If the solution reached by the Paris Court of Appeal were to be upheld, it would mean that the recognition and enforcement of judgments over the liability of arbitrators would not benefit from the regime provided for by the Brussels I recast regulation (which provides for limited grounds for refusal of enforcement and recognition, and abolishes the necessity to go through exequatur proceedings in the Member State where enforcement is sought).
Where do Arbitrators Provide their Services?
Having concluded that the Brussels I recast regulation was inapplicable, the Paris Court of Appeal had to apply French domestic private international law. In accordance with Article 46 of the French Code of Civil Procedure, the defendant may, in addition to the courts of the domicile of the defendant, seize the courts of the country where the contractual services were performed.
The Court ruled that such place was determined by the seat of the arbitration, on the basis of the below reasoning:
“In international arbitration, unless otherwise agreed by the parties, the State court of the place where the service was provided for the purpose of ruling on an action for liability brought against the arbitrator in the performance of the arbitration contract is the court in whose jurisdiction the seat of the arbitration is located.
Indeed, the arbitrator’s contract is part of the mixed nature of arbitration, contractual by its source and jurisdictional by its purpose, and derives from the arbitration agreement to which it is closely linked.
Thus, an arbitrator’s service consists in the performance of his or her mission to settle the dispute submitted to him or her by the parties and includes the rendering of an award at the seat of the arbitration chosen by the parties or in agreement with them.
There is therefore a need, in view of the particular nature of the arbitrator’s contract, closely linked to the arbitration agreement, to consider that the place of performance of the arbitrator’s services is at the seat, even though the arbitration proceedings and the arbitrators’ deliberation may, by agreement between the parties, have taken place at other places.” (paras. 30-33, free translation)
As the seat of the arbitration was Paris (France), the Paris Court of Appeal held that French courts had international jurisdiction over the claim and quashed the Tribunal judiciaire’s decision.

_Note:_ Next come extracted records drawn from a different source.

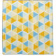 Cortina de ducha con un patrón geométrico compuesto por seis hexágonos laterales divididos por un estrecho espacio blanco dividido en seis segmentos de color en cinco colores armoniosos.
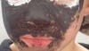 Justine said: "Volunteer children (nine-year-olds) from a children's nonprofit were fundraising with this type of painting. This poor boy was clawing at his face trying to get it off. He had to leave the fair because this was not coming off with anything other than a shower. It was Palmer liquid paints, approximately eight or nine years old since they purchased it. The volunteer painter kids were using little brushes, water in rusty soup cans, and not a baby wipe, hand sanitizer, or disinfectant in sight. And, turns out the brushes hadn't been washed from the day before, she was going to wash them (because we were there pushing the issue.)"
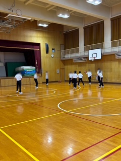 最近の暑さ対策を踏まえて、昼休みに体育館を開放しています。スペースの関係で、学年ごとに曜日を決めて利用しています。今日は2年生がバスケットボールをしていました。
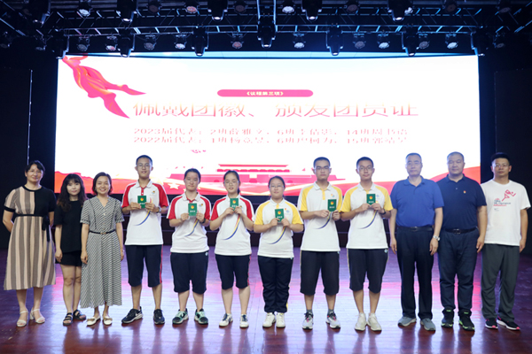 团徽,是代表共青团的徽章,它不是一个装饰品,也不是纪念章,而是共青团肩负重任的标志。学校领导、各年级各班级团支书为新团员们颁发团员证,佩戴团徽。
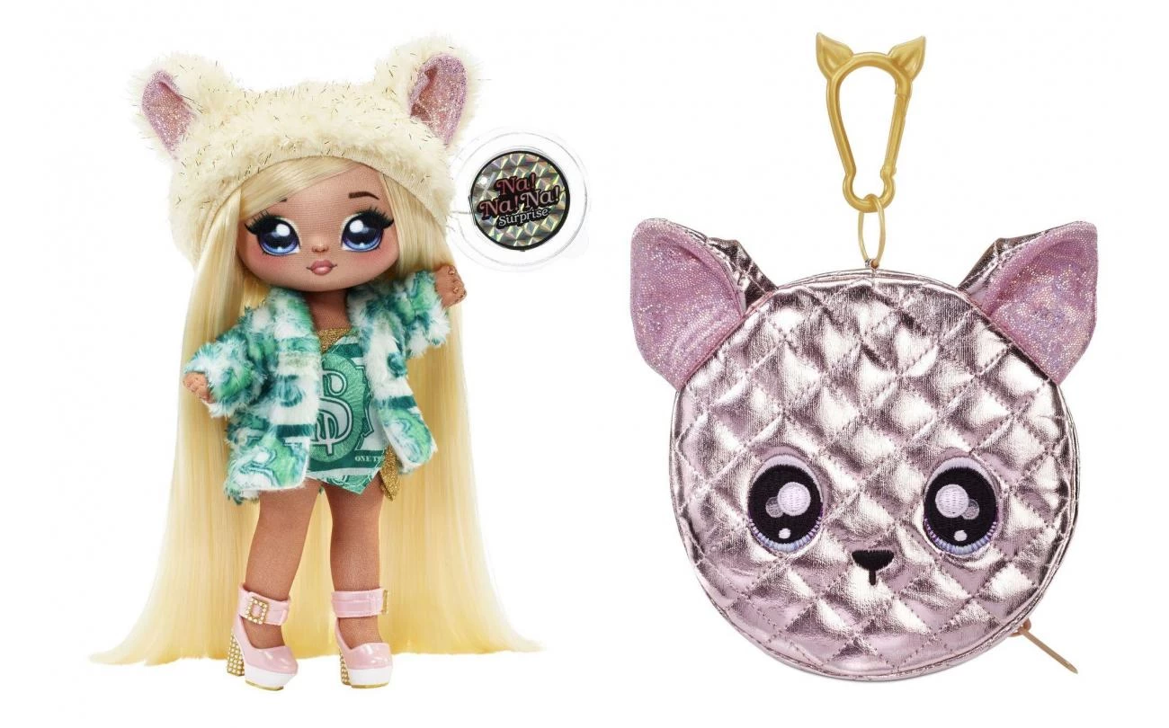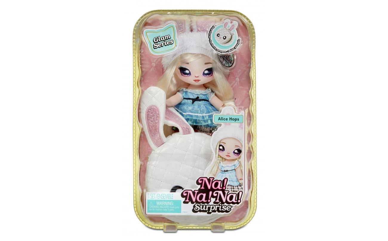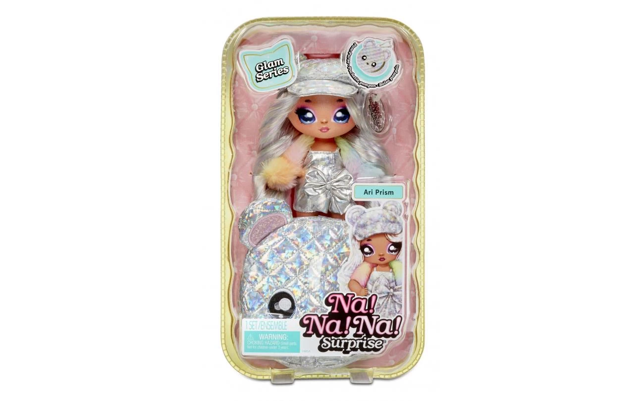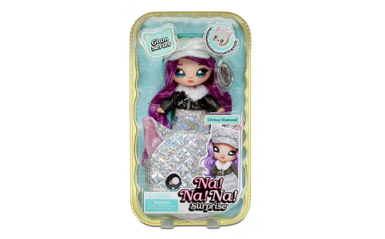 Geef je leven nog meer glamour met de Na! Na! Na! Surprise 2-in-1 zachte modepop uit de Glam-serie! De Glam-serie glinstert als nooit tevoren door de adembenemende poppenmode met dierenthema en een tasje van metallic stof; Perfect om het aan je rugzak of aan een grotere tas te hangen.
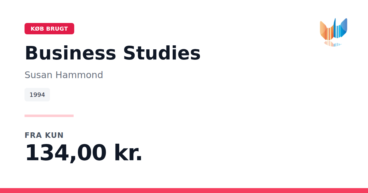Lige nu kan du købe "Business Studies" af Susan Hammond til kun 134,00 kr. Bogen du ser her er brugt, og i perfekt stand. Vi har i øjeblikket kun et enkelt eksemplar til salg af "Business Studies", så slå til mens du kan!

Favouring the seat of the arbitration as the applicable criterion in order to localise the performance of the arbitrator’s services, rather than a number of factual circumstances (as held by the Tribunal judiciaire), has the benefit of enhancing legal certainty. While it was clear in this case that the all of these factual circumstances pointed to Germany (as the three arbitrators were domiciled in Germany and all the procedural steps took place in Germany in practice), this may be less clear in many international arbitrations where the factual circumstances do not point to a single state. Focusing on the seat, rather than these factual criteria, also appears to be more in line with the parties’ intent in a case, such as the one at hand, where the terms of reference provide that (i) the arbitral tribunal may hold the hearing wherever it deems appropriate without impacting the seat of the arbitration and (ii) awards are deemed to be rendered at the seat.